- [THE DATA]:
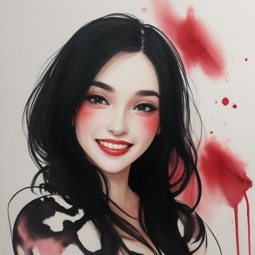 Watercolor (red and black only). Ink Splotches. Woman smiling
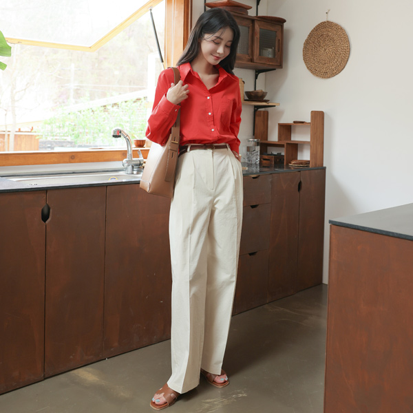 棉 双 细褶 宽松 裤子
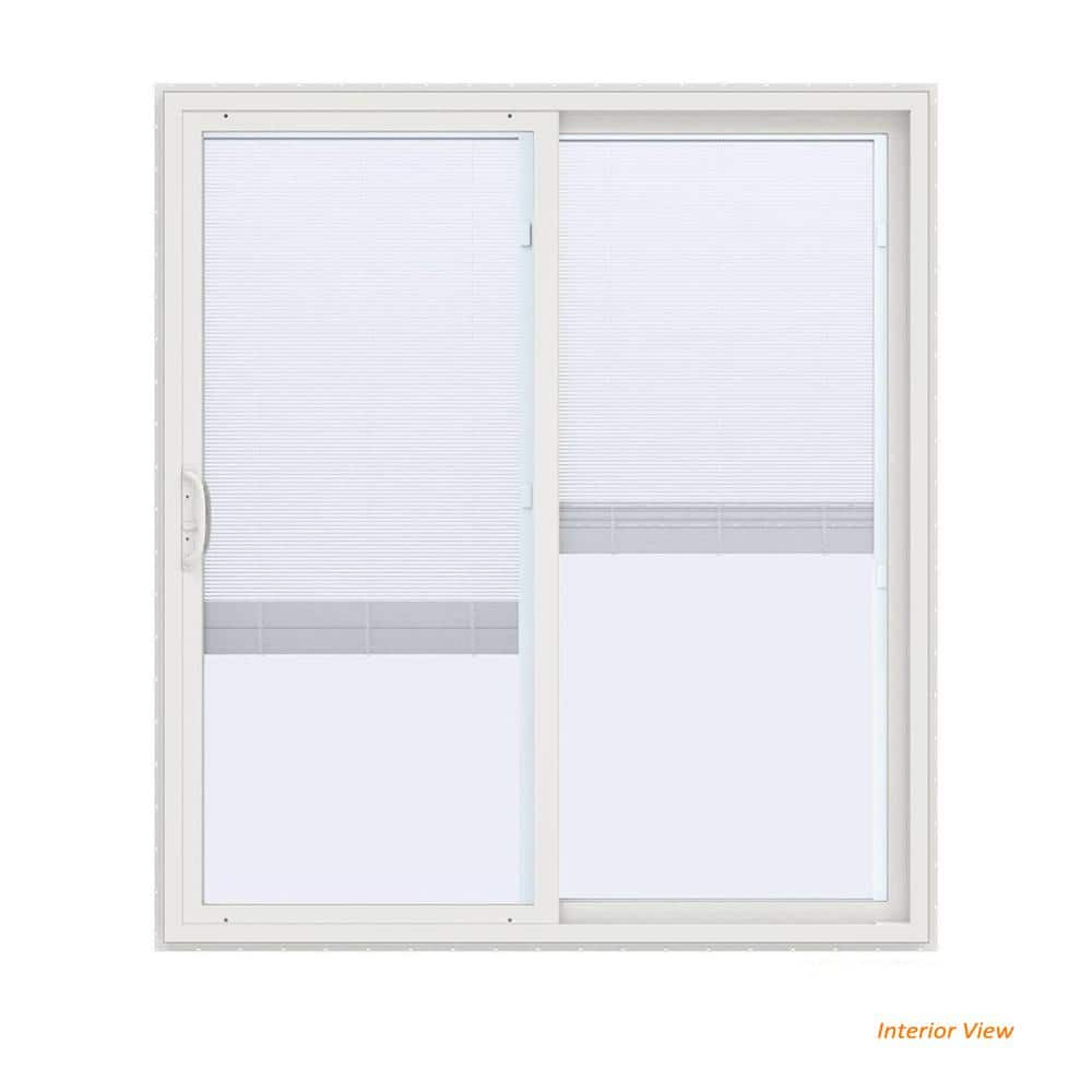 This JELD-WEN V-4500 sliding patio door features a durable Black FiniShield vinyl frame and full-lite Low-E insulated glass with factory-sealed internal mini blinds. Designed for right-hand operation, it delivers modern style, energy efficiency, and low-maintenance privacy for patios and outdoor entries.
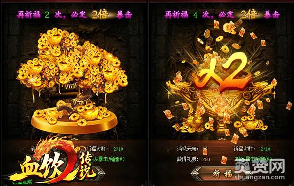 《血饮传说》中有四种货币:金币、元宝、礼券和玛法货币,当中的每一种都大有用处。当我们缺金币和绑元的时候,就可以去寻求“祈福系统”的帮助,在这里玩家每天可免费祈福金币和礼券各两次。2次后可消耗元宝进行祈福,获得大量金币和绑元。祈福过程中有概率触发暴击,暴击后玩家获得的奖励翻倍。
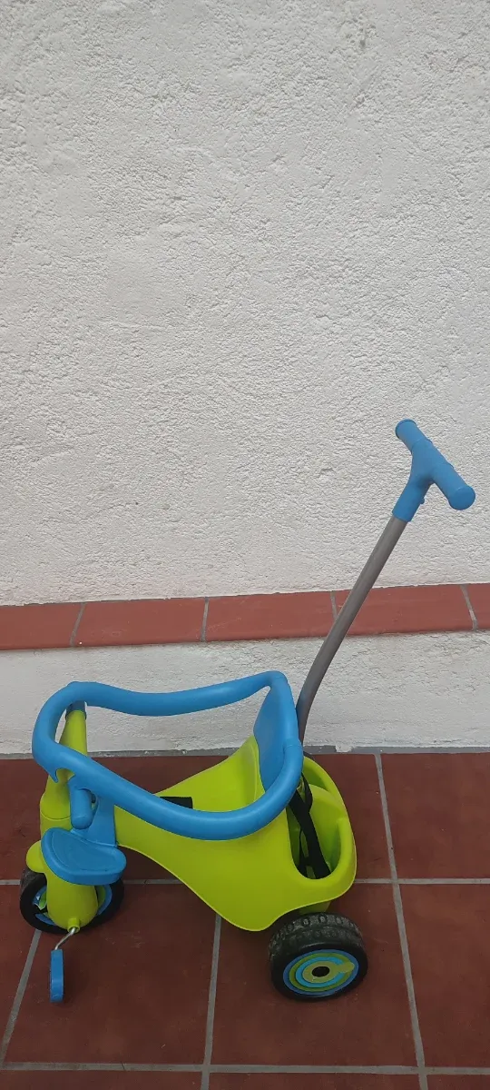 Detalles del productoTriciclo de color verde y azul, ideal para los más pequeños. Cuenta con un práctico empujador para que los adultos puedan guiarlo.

--

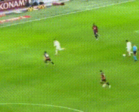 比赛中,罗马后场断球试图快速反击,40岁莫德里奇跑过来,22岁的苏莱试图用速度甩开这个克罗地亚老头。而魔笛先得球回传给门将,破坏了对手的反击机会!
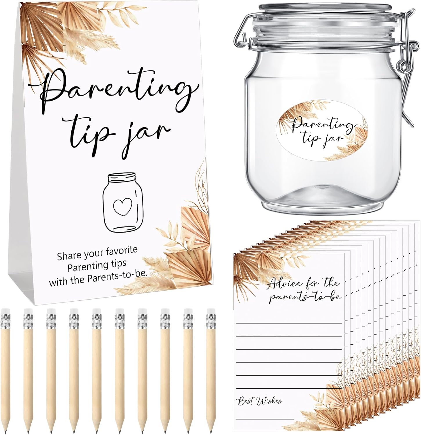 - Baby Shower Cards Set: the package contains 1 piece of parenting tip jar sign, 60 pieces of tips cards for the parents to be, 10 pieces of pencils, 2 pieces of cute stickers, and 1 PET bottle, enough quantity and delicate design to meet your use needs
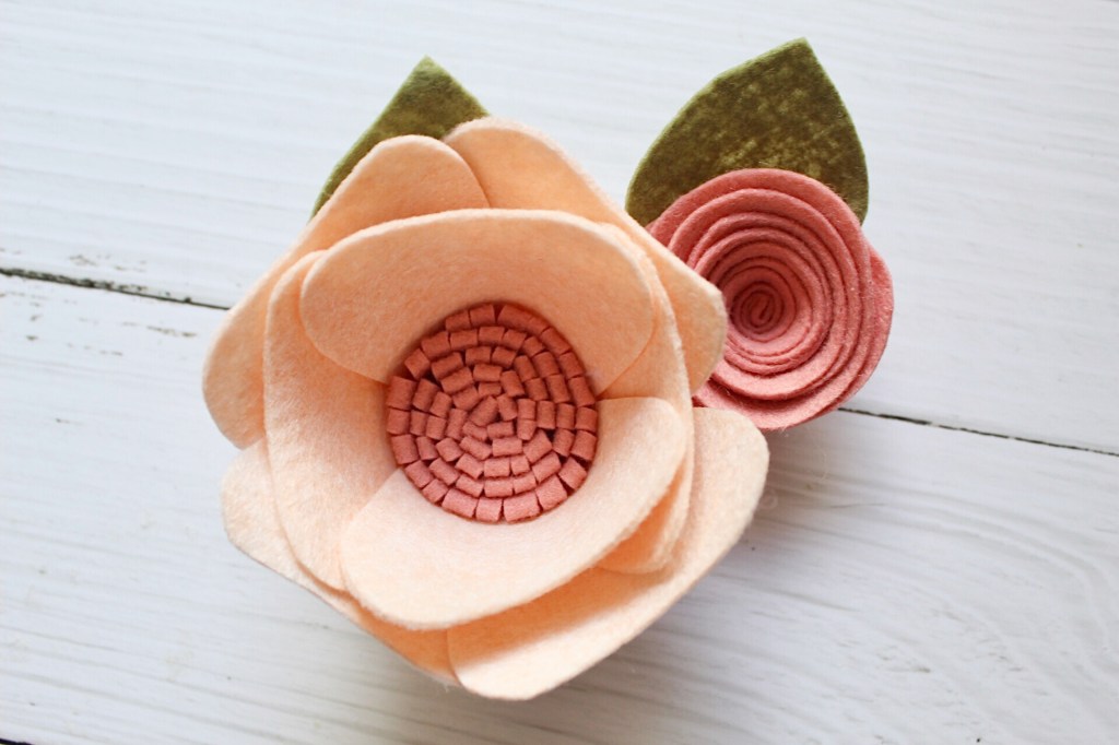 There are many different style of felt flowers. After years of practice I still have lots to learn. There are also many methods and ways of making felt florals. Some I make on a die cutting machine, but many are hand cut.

---

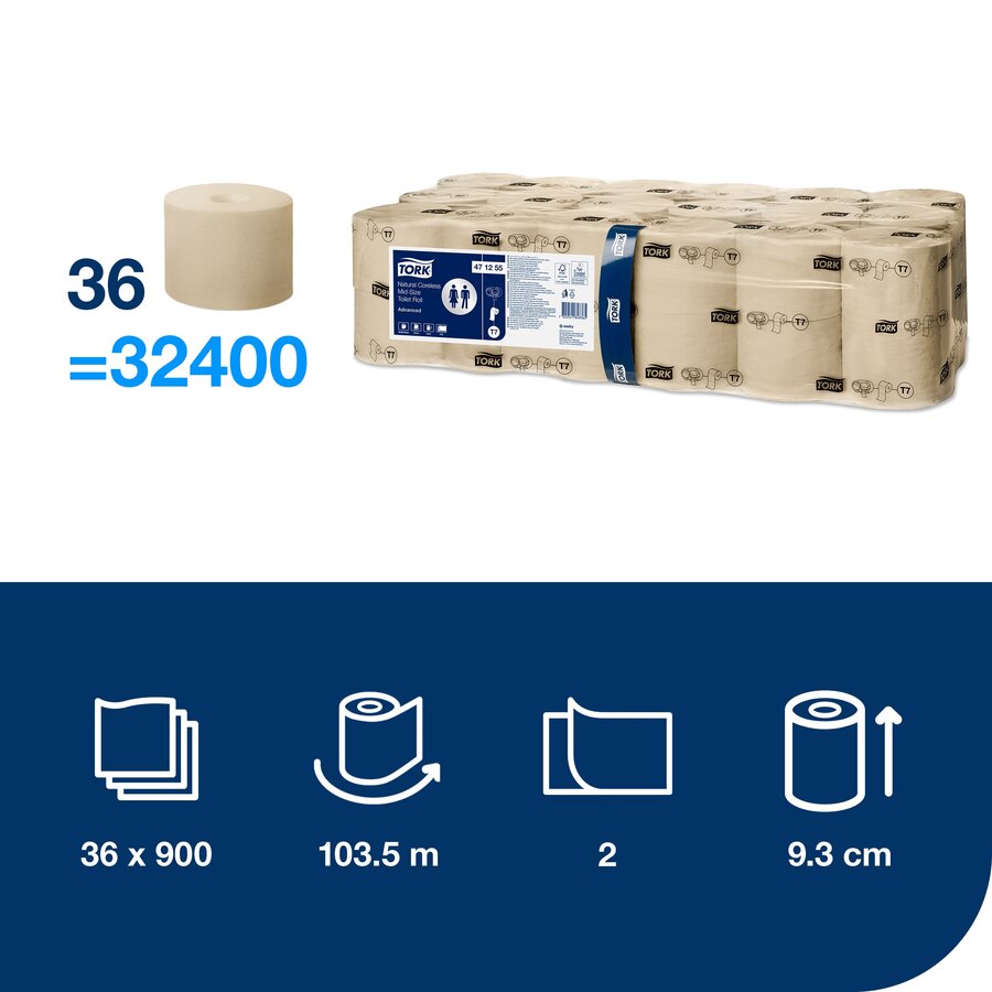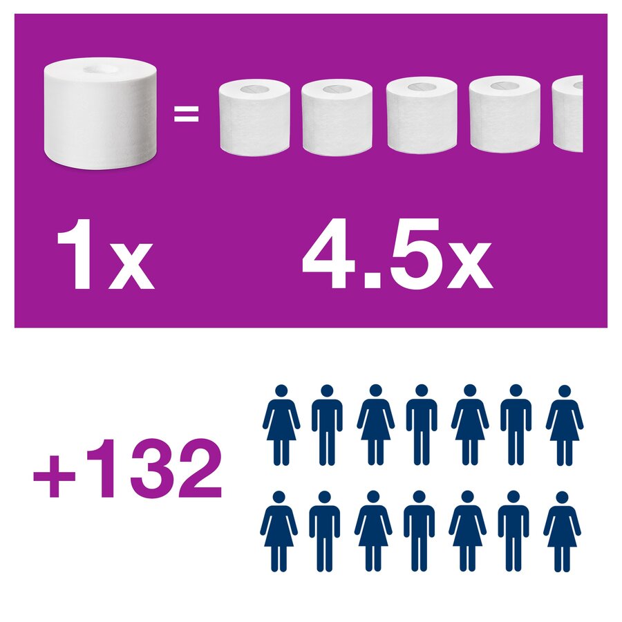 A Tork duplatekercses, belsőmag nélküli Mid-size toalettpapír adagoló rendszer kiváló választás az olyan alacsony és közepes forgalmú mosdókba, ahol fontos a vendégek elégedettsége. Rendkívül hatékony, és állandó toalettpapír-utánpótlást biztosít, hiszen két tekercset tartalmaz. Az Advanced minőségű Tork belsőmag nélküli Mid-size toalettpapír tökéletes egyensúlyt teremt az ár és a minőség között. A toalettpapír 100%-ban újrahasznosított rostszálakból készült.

- [TASK GOAL]: Above is the material; set down exactly its lines from the one containing "棉 双 细褶 宽松 裤子" down to the one containing "Detalles del productoTriciclo", both included, leaving out any pictures.

- [EXPECTED ANSWER]:
 棉 双 细褶 宽松 裤子
 This JELD-WEN V-4500 sliding patio door features a durable Black FiniShield vinyl frame and full-lite Low-E insulated glass with factory-sealed internal mini blinds. Designed for right-hand operation, it delivers modern style, energy efficiency, and low-maintenance privacy for patios and outdoor entries.
 《血饮传说》中有四种货币:金币、元宝、礼券和玛法货币,当中的每一种都大有用处。当我们缺金币和绑元的时候,就可以去寻求“祈福系统”的帮助,在这里玩家每天可免费祈福金币和礼券各两次。2次后可消耗元宝进行祈福,获得大量金币和绑元。祈福过程中有概率触发暴击,暴击后玩家获得的奖励翻倍。
 Detalles del productoTriciclo de color verde y azul, ideal para los más pequeños. Cuenta con un práctico empujador para que los adultos puedan guiarlo.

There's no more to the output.